● Exercise
Each entry that follows should be set down precisely, with its pictures removed.

● Saved entries
-- Opening Marker --

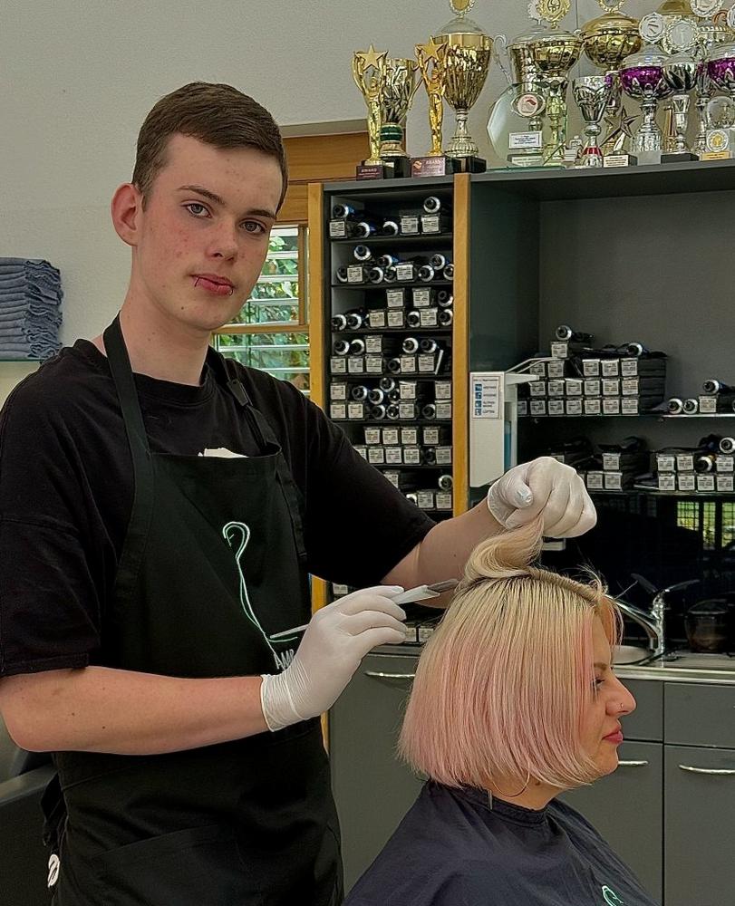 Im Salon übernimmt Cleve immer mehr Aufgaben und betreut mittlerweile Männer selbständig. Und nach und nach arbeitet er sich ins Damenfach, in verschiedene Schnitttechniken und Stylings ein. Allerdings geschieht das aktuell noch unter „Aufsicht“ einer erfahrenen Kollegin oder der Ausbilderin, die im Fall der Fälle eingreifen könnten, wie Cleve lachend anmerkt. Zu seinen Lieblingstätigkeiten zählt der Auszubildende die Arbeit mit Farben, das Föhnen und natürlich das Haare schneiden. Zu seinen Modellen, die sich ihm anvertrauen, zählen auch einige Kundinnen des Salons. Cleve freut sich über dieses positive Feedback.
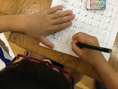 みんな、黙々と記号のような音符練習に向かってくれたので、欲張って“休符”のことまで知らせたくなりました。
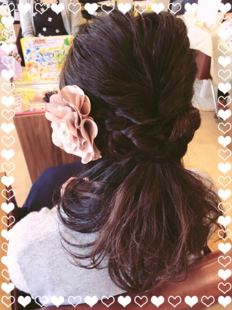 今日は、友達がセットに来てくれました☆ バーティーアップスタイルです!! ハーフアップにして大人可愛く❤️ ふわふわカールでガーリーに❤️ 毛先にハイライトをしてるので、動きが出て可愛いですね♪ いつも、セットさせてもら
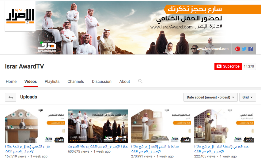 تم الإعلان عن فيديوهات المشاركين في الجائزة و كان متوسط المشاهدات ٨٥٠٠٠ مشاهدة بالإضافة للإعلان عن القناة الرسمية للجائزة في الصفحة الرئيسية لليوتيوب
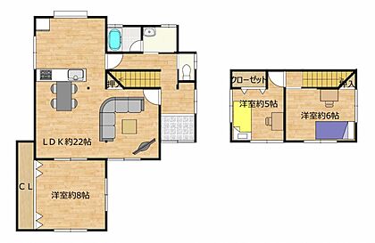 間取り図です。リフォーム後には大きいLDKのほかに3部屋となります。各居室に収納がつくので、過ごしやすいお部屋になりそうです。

-- Closing Marker --

● Written reply
 Im Salon übernimmt Cleve immer mehr Aufgaben und betreut mittlerweile Männer selbständig. Und nach und nach arbeitet er sich ins Damenfach, in verschiedene Schnitttechniken und Stylings ein. Allerdings geschieht das aktuell noch unter „Aufsicht“ einer erfahrenen Kollegin oder der Ausbilderin, die im Fall der Fälle eingreifen könnten, wie Cleve lachend anmerkt. Zu seinen Lieblingstätigkeiten zählt der Auszubildende die Arbeit mit Farben, das Föhnen und natürlich das Haare schneiden. Zu seinen Modellen, die sich ihm anvertrauen, zählen auch einige Kundinnen des Salons. Cleve freut sich über dieses positive Feedback.
 みんな、黙々と記号のような音符練習に向かってくれたので、欲張って“休符”のことまで知らせたくなりました。
 今日は、友達がセットに来てくれました☆ バーティーアップスタイルです!! ハーフアップにして大人可愛く❤️ ふわふわカールでガーリーに❤️ 毛先にハイライトをしてるので、動きが出て可愛いですね♪ いつも、セットさせてもら
 تم الإعلان عن فيديوهات المشاركين في الجائزة و كان متوسط المشاهدات ٨٥٠٠٠ مشاهدة بالإضافة للإعلان عن القناة الرسمية للجائزة في الصفحة الرئيسية لليوتيوب
 間取り図です。リフォーム後には大きいLDKのほかに3部屋となります。各居室に収納がつくので、過ごしやすいお部屋になりそうです。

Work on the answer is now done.